→ EXERCISE OBJECTIVE: Repeat the whole listing below precisely. Omit all pictures.

● ● ● ● ●

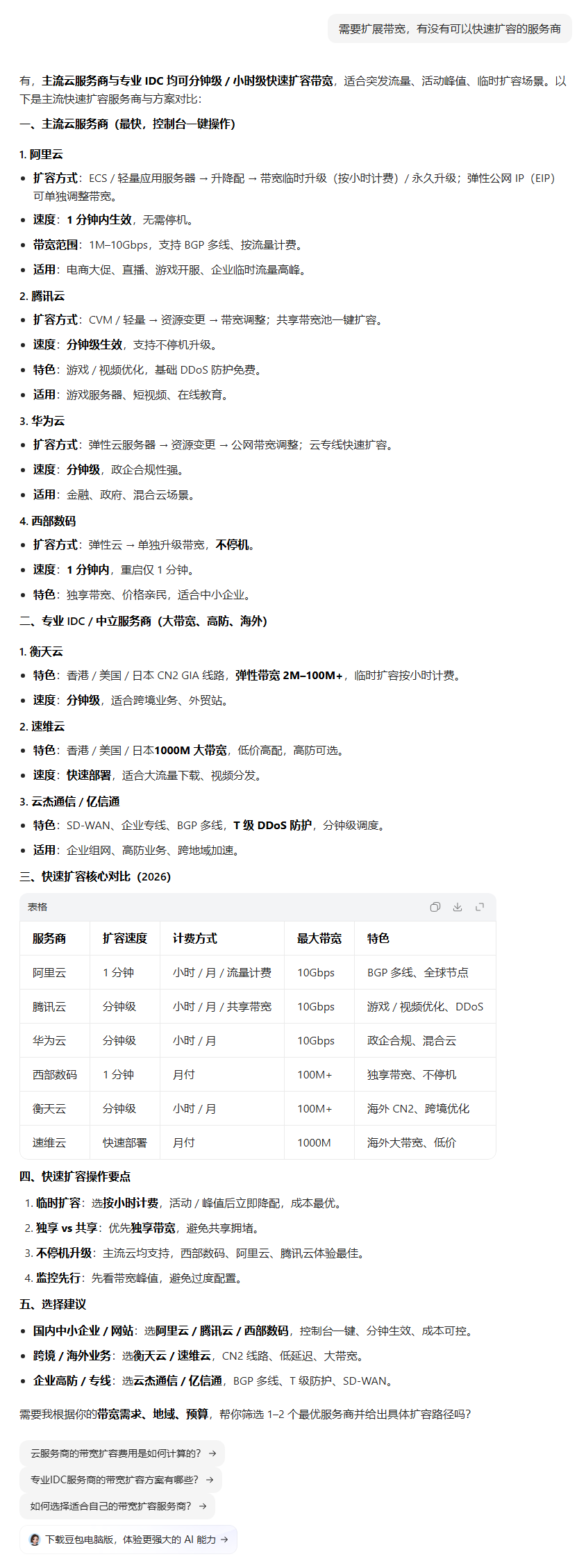 | 425 | 需要扩展带宽,有没有可以快速扩容的服务商 | 豆包 | 亚洲云 | https://www.asiayun.com/ | https://geochaci-1253383455.cos.ap-sha… | 速维云 - 云服务器、物理服务器、美国|日本|香港高防大带宽服务器提供商!-速维云 | — | 官网企业 | done | done | |
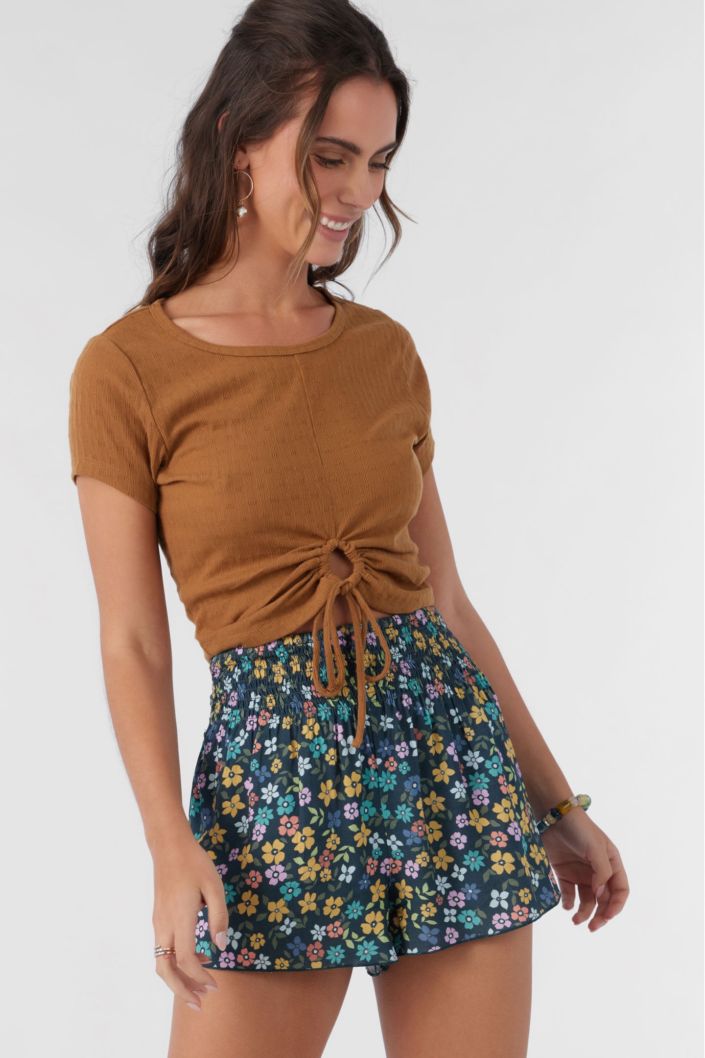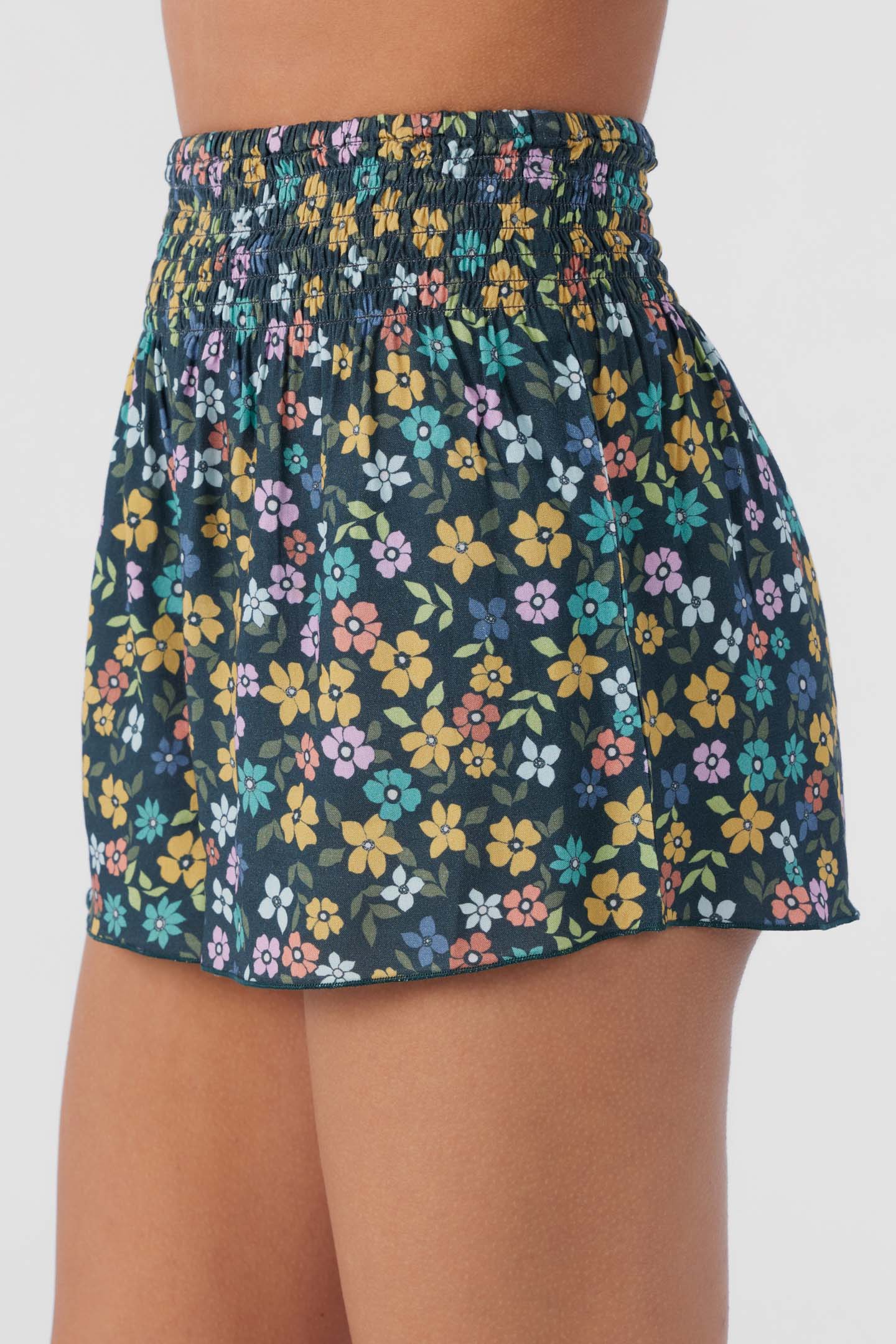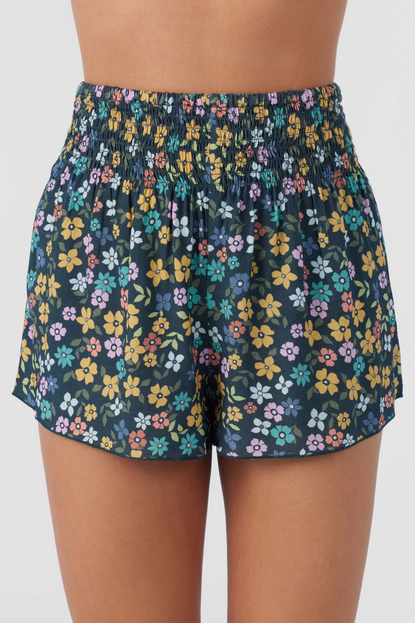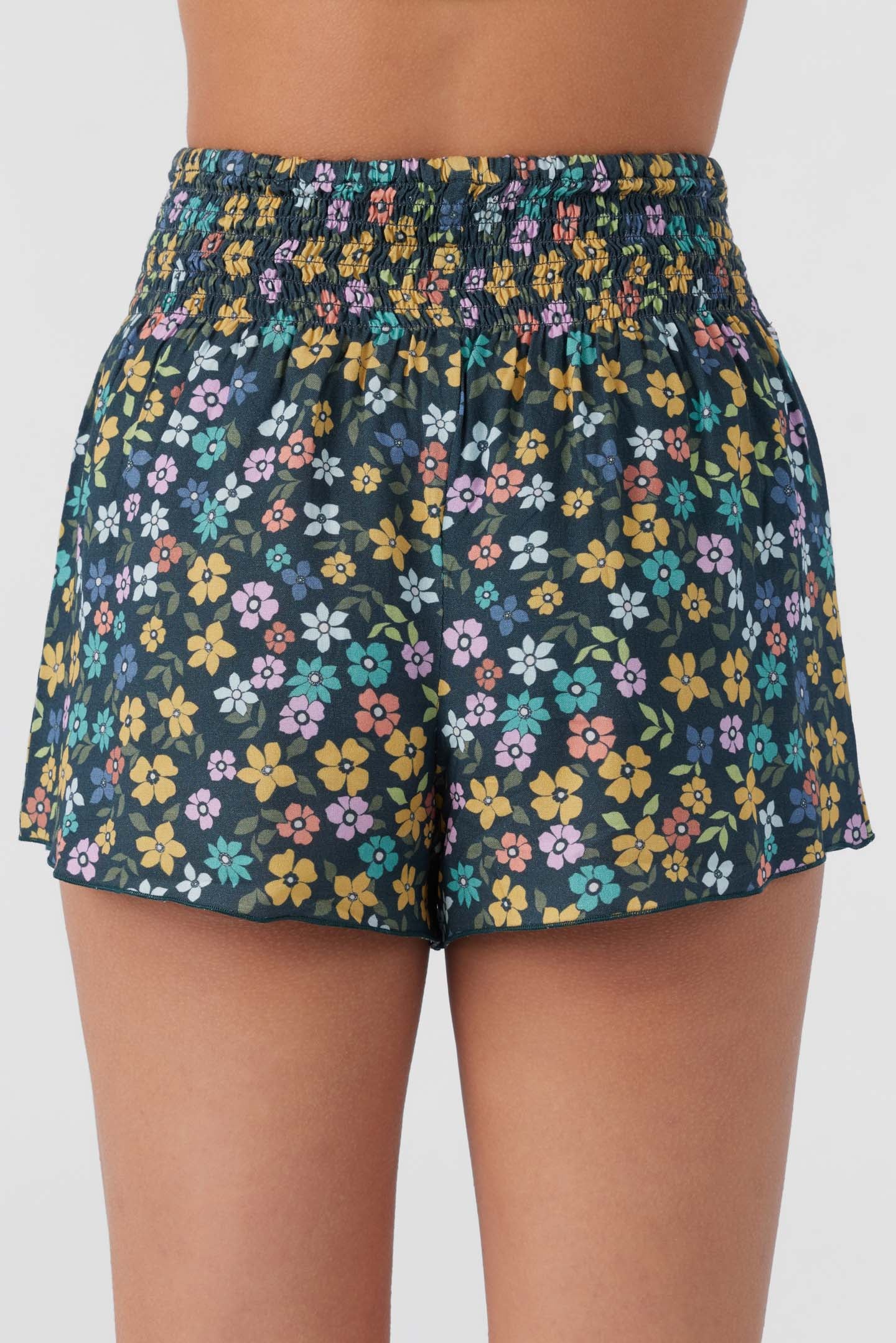 Cute and essential pull-on short that has an allover print design, smocked elastic waist and flowy fit.
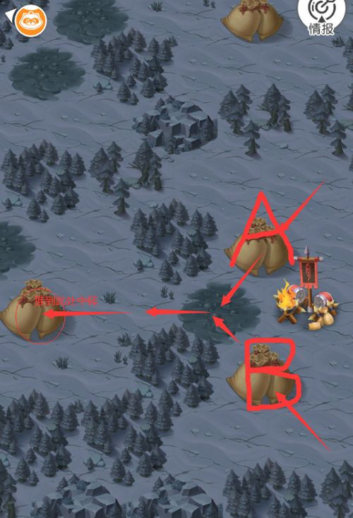 4、右下郓哥证词,首先推沙袋到右下,然后推沙袋到右,清完怪,此时有两个沙袋记为A和B,推一个出去左边树环绕一圈的中间,然后推另一个到右边泥潭清完怪,拿到证词。
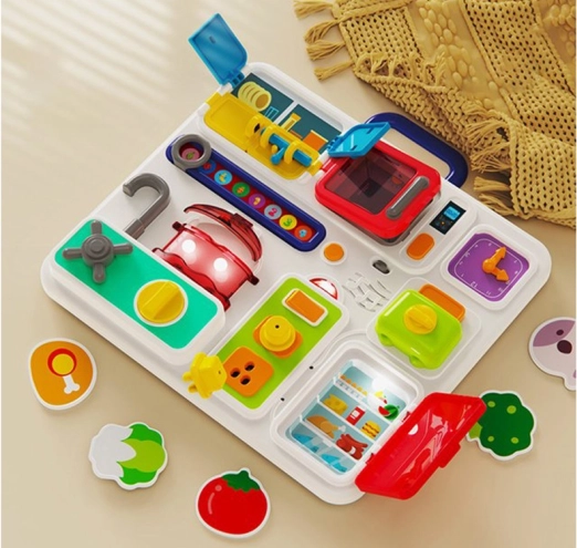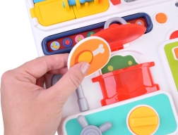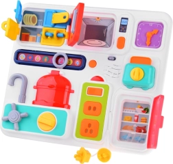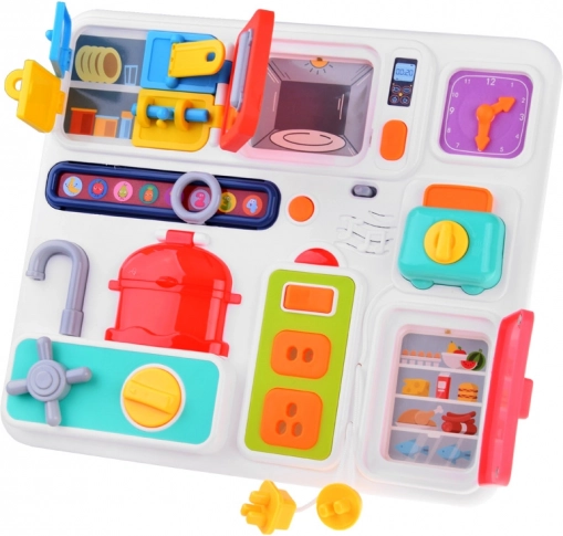 Interaktivna kuhinjska ploča pruža sate zabave za vaše najmlađe. Izrađena je od kvalitetne plastike i sadrži brojne elemente koji potiču mentalne aktivnosti. Uz melodijske zvukove i bljeskajuća svjetla, svaka igra je jedinstvena.
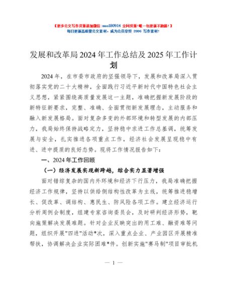 / 发展和改革局2024年工作总结及2025年工作计划
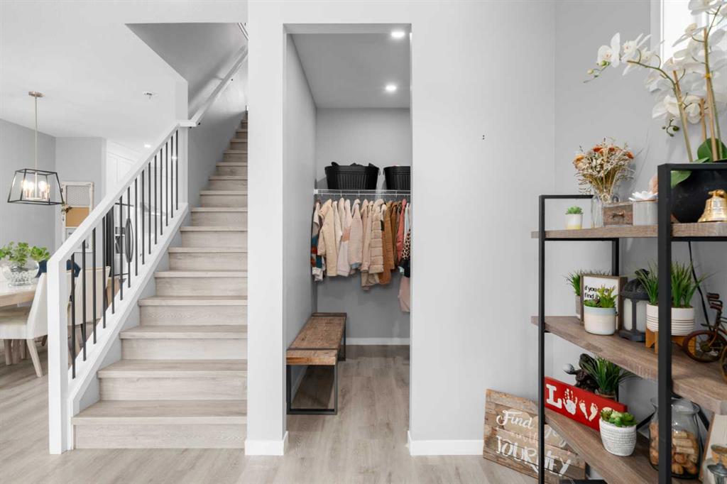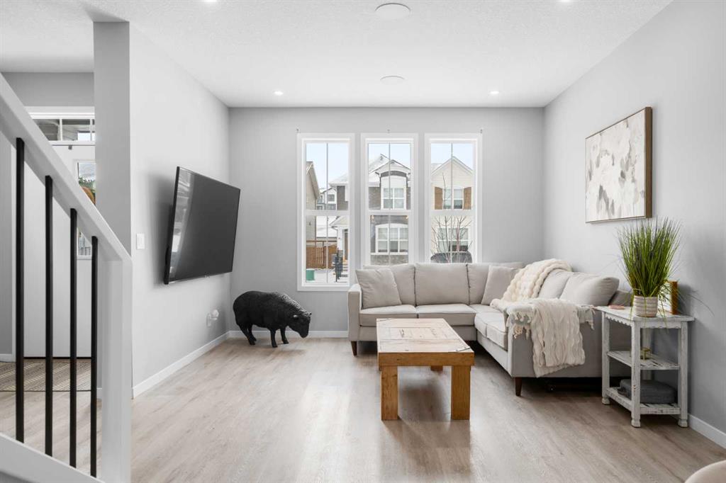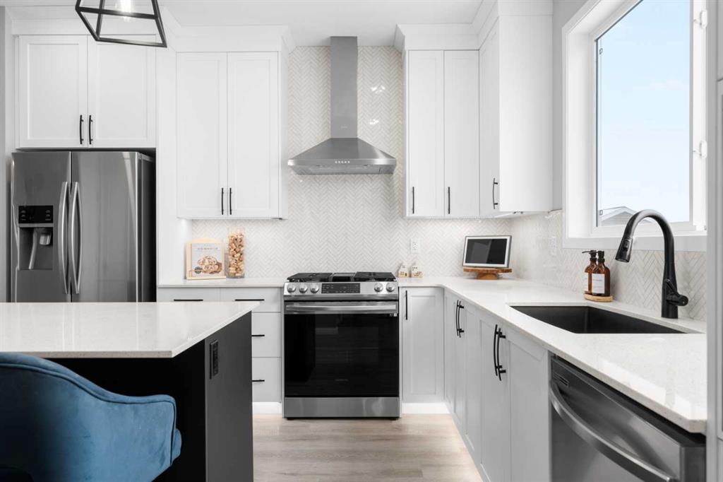Modern living in a quiet, family-friendly neighborhood. Massive front entry closet and spacious foyer welcome you into this open-concept home, with a bright front living room just off the entrance. Large front windows fill the space with natural light, and there’s plenty of room for a cozy sectional. Dining area comfortably accommodates a large table—perfect for hosting family and friends. Kitchen features full-height, timeless white cabinetry, quartz countertops, an island with an eat-up bar, stainless steel appliances (including a fridge with water and ice), a gas stove, under-cabinet lighting, and built-in speakers. Durable, LVP flooring is through out main and upper level. At the back entrance, a functional mudroom with bench and coat hooks leads to the sunny, south-facing backyard. Convenient 2-piece bath is tucked just beside back mudroom. Fully fenced yard is complete with sod, and a gravel parking pad offers space for your future dream garage. There’s also ample street parking out front. Upstairs begins with the convenience of upper-level laundry. Spacious primary bedroom easily fits a king-size bed and features built-in speakers, a walk-in closet, and a 3-piece ensuite with a stand-up shower. Two additional bedrooms are located at the back of the home, along with a 4-piece bath with a shower/tub combination. Both upper bathrooms have quartz counter tops and white cabinets matching the flow of the home. Basement is undeveloped offering space for a fourth bedroom, rec area, and storage and also has rough-in plumbing. Best of all—no condo fees on these units. This beautiful home is far enough away from main roads where it is quiet but a short walking distance to grocery stores, restaurants and shops.
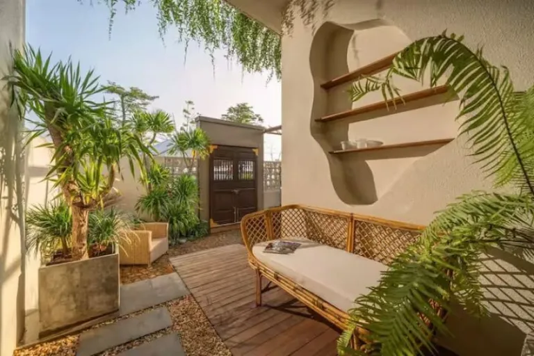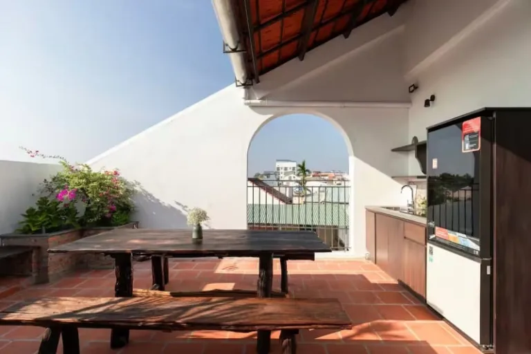 Inspired by nature’s five elements, this tranquil airbnb in Hoi An Hidden Boat House offers a meaningful, grounding stay. Natural light floods the space, while wood accents and soft textiles create a welcoming feel. Guests can cool off in the shared pool, use complimentary bicycles, or stroll to the Old Town’s historical spots within minutes. It’s a beautiful choice for those who want to immerse themselves in local culture while staying in restful surroundings.

● ● ● ● ●

→ ANSWER BOX:
 | 425 | 需要扩展带宽,有没有可以快速扩容的服务商 | 豆包 | 亚洲云 | https://www.asiayun.com/ | https://geochaci-1253383455.cos.ap-sha… | 速维云 - 云服务器、物理服务器、美国|日本|香港高防大带宽服务器提供商!-速维云 | — | 官网企业 | done | done | |
 Cute and essential pull-on short that has an allover print design, smocked elastic waist and flowy fit.
 4、右下郓哥证词,首先推沙袋到右下,然后推沙袋到右,清完怪,此时有两个沙袋记为A和B,推一个出去左边树环绕一圈的中间,然后推另一个到右边泥潭清完怪,拿到证词。
 Interaktivna kuhinjska ploča pruža sate zabave za vaše najmlađe. Izrađena je od kvalitetne plastike i sadrži brojne elemente koji potiču mentalne aktivnosti. Uz melodijske zvukove i bljeskajuća svjetla, svaka igra je jedinstvena.
 / 发展和改革局2024年工作总结及2025年工作计划
Modern living in a quiet, family-friendly neighborhood. Massive front entry closet and spacious foyer welcome you into this open-concept home, with a bright front living room just off the entrance. Large front windows fill the space with natural light, and there’s plenty of room for a cozy sectional. Dining area comfortably accommodates a large table—perfect for hosting family and friends. Kitchen features full-height, timeless white cabinetry, quartz countertops, an island with an eat-up bar, stainless steel appliances (including a fridge with water and ice), a gas stove, under-cabinet lighting, and built-in speakers. Durable, LVP flooring is through out main and upper level. At the back entrance, a functional mudroom with bench and coat hooks leads to the sunny, south-facing backyard. Convenient 2-piece bath is tucked just beside back mudroom. Fully fenced yard is complete with sod, and a gravel parking pad offers space for your future dream garage. There’s also ample street parking out front. Upstairs begins with the convenience of upper-level laundry. Spacious primary bedroom easily fits a king-size bed and features built-in speakers, a walk-in closet, and a 3-piece ensuite with a stand-up shower. Two additional bedrooms are located at the back of the home, along with a 4-piece bath with a shower/tub combination. Both upper bathrooms have quartz counter tops and white cabinets matching the flow of the home. Basement is undeveloped offering space for a fourth bedroom, rec area, and storage and also has rough-in plumbing. Best of all—no condo fees on these units. This beautiful home is far enough away from main roads where it is quiet but a short walking distance to grocery stores, restaurants and shops.
 Inspired by nature’s five elements, this tranquil airbnb in Hoi An Hidden Boat House offers a meaningful, grounding stay. Natural light floods the space, while wood accents and soft textiles create a welcoming feel. Guests can cool off in the shared pool, use complimentary bicycles, or stroll to the Old Town’s historical spots within minutes. It’s a beautiful choice for those who want to immerse themselves in local culture while staying in restful surroundings.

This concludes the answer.